### Task prompt
Once the pictures have been set aside, copy every remaining entry exactly.

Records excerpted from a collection
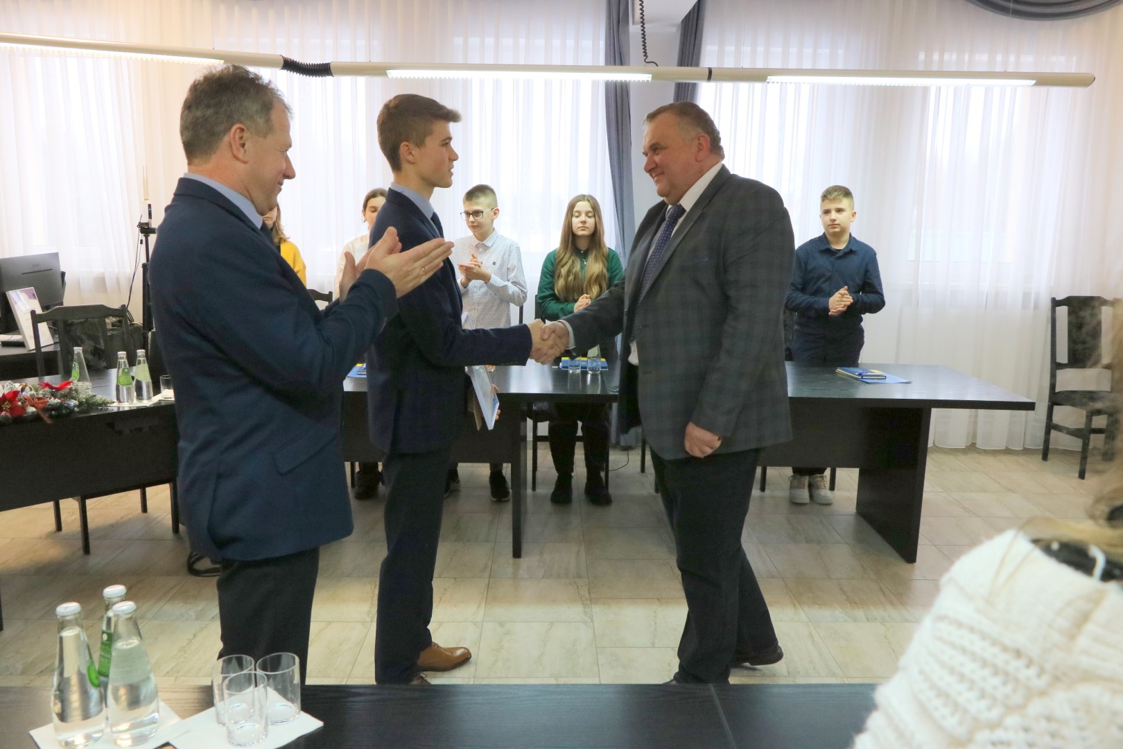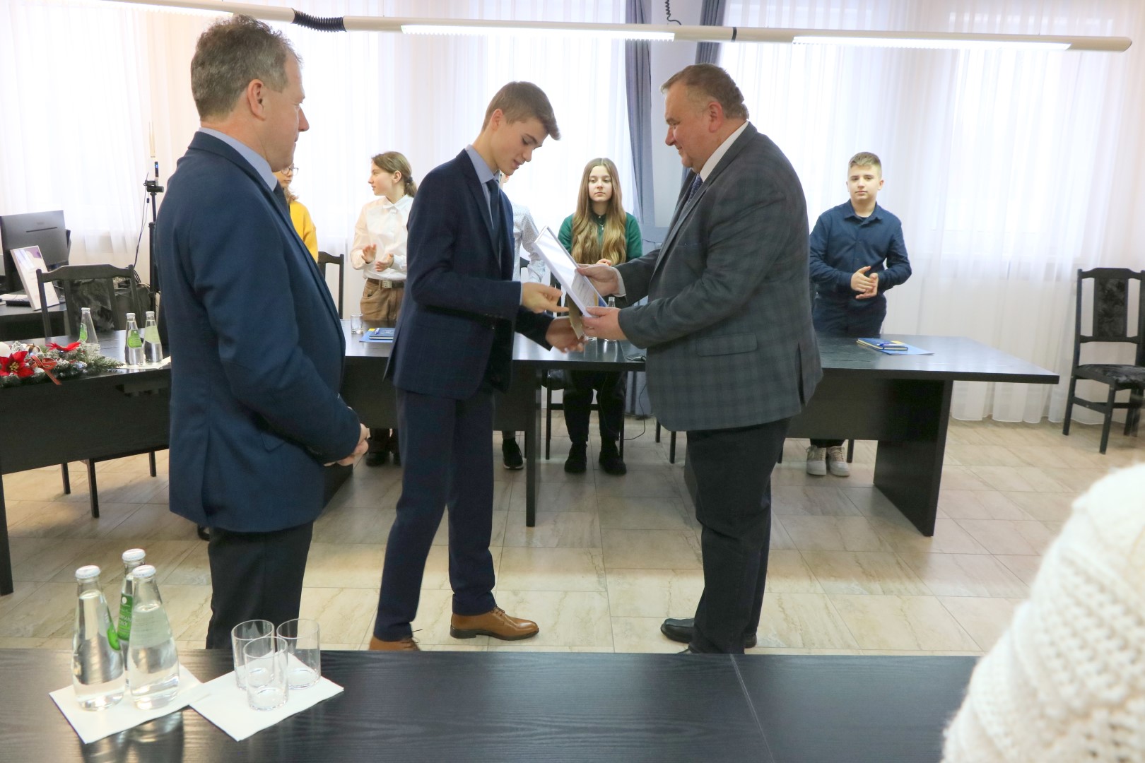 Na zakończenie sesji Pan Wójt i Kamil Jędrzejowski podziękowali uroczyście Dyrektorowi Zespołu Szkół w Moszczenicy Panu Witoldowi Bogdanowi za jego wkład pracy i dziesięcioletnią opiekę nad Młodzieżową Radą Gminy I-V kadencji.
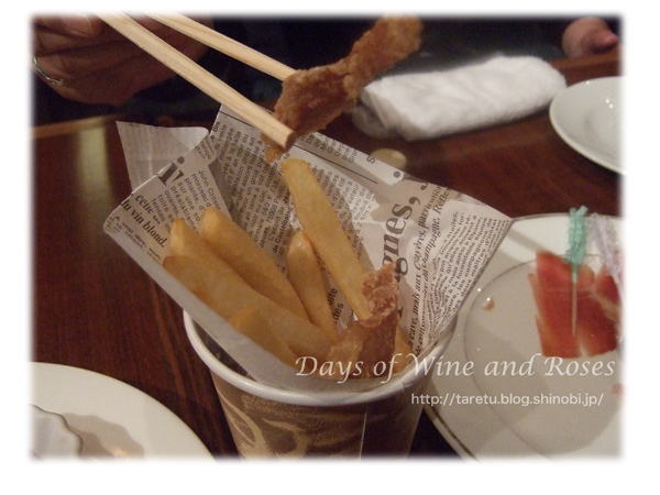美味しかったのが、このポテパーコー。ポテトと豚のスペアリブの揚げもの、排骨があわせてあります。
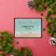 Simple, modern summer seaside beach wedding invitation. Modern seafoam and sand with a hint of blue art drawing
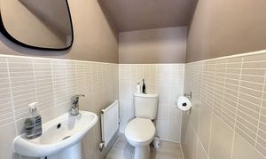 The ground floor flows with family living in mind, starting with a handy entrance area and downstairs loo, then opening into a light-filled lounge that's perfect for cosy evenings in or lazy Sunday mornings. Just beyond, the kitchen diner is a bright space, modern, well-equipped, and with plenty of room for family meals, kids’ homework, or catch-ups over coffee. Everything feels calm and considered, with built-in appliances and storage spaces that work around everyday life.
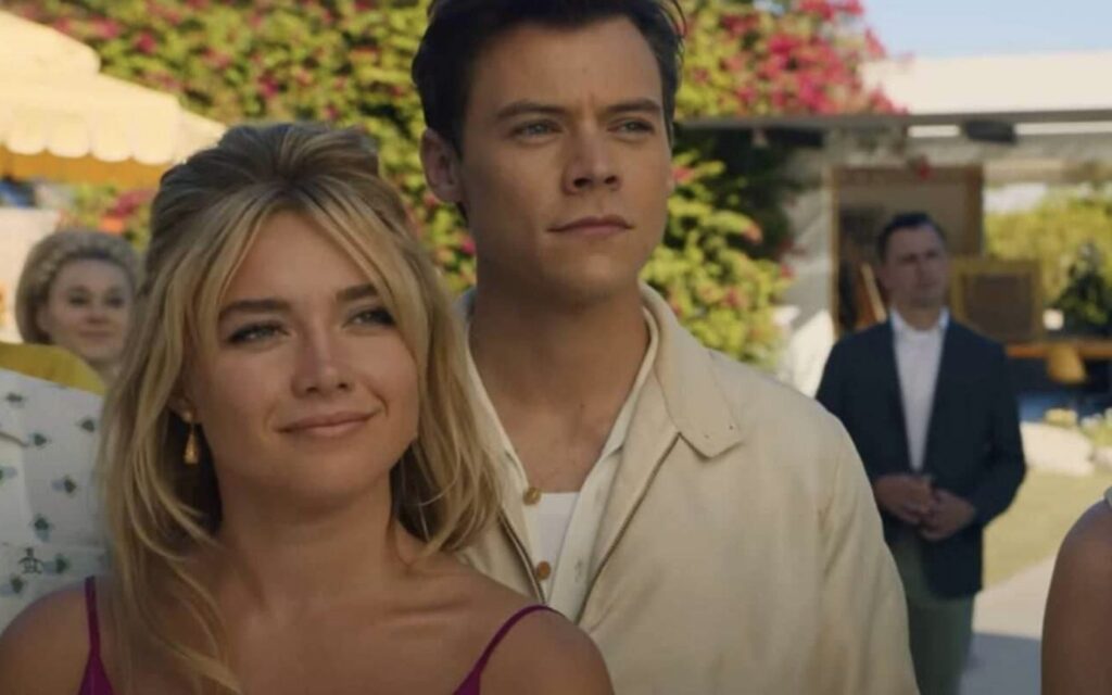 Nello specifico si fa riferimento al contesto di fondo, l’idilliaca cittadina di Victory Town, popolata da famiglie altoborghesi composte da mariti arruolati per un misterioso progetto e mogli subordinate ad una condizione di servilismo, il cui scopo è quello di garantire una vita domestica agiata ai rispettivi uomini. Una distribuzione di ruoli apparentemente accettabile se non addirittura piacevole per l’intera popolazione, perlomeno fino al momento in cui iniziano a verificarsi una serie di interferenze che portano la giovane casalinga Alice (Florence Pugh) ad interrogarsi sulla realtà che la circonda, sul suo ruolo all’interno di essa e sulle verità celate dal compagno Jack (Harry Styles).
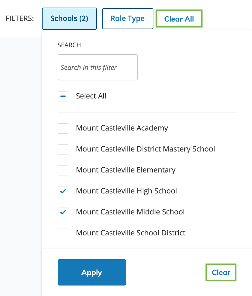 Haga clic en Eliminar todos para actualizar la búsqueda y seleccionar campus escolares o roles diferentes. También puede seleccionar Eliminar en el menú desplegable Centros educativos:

### Solution to this exercise
 Na zakończenie sesji Pan Wójt i Kamil Jędrzejowski podziękowali uroczyście Dyrektorowi Zespołu Szkół w Moszczenicy Panu Witoldowi Bogdanowi za jego wkład pracy i dziesięcioletnią opiekę nad Młodzieżową Radą Gminy I-V kadencji.
美味しかったのが、このポテパーコー。ポテトと豚のスペアリブの揚げもの、排骨があわせてあります。
 Simple, modern summer seaside beach wedding invitation. Modern seafoam and sand with a hint of blue art drawing
 The ground floor flows with family living in mind, starting with a handy entrance area and downstairs loo, then opening into a light-filled lounge that's perfect for cosy evenings in or lazy Sunday mornings. Just beyond, the kitchen diner is a bright space, modern, well-equipped, and with plenty of room for family meals, kids’ homework, or catch-ups over coffee. Everything feels calm and considered, with built-in appliances and storage spaces that work around everyday life.
 Nello specifico si fa riferimento al contesto di fondo, l’idilliaca cittadina di Victory Town, popolata da famiglie altoborghesi composte da mariti arruolati per un misterioso progetto e mogli subordinate ad una condizione di servilismo, il cui scopo è quello di garantire una vita domestica agiata ai rispettivi uomini. Una distribuzione di ruoli apparentemente accettabile se non addirittura piacevole per l’intera popolazione, perlomeno fino al momento in cui iniziano a verificarsi una serie di interferenze che portano la giovane casalinga Alice (Florence Pugh) ad interrogarsi sulla realtà che la circonda, sul suo ruolo all’interno di essa e sulle verità celate dal compagno Jack (Harry Styles).
 Haga clic en Eliminar todos para actualizar la búsqueda y seleccionar campus escolares o roles diferentes. También puede seleccionar Eliminar en el menú desplegable Centros educativos:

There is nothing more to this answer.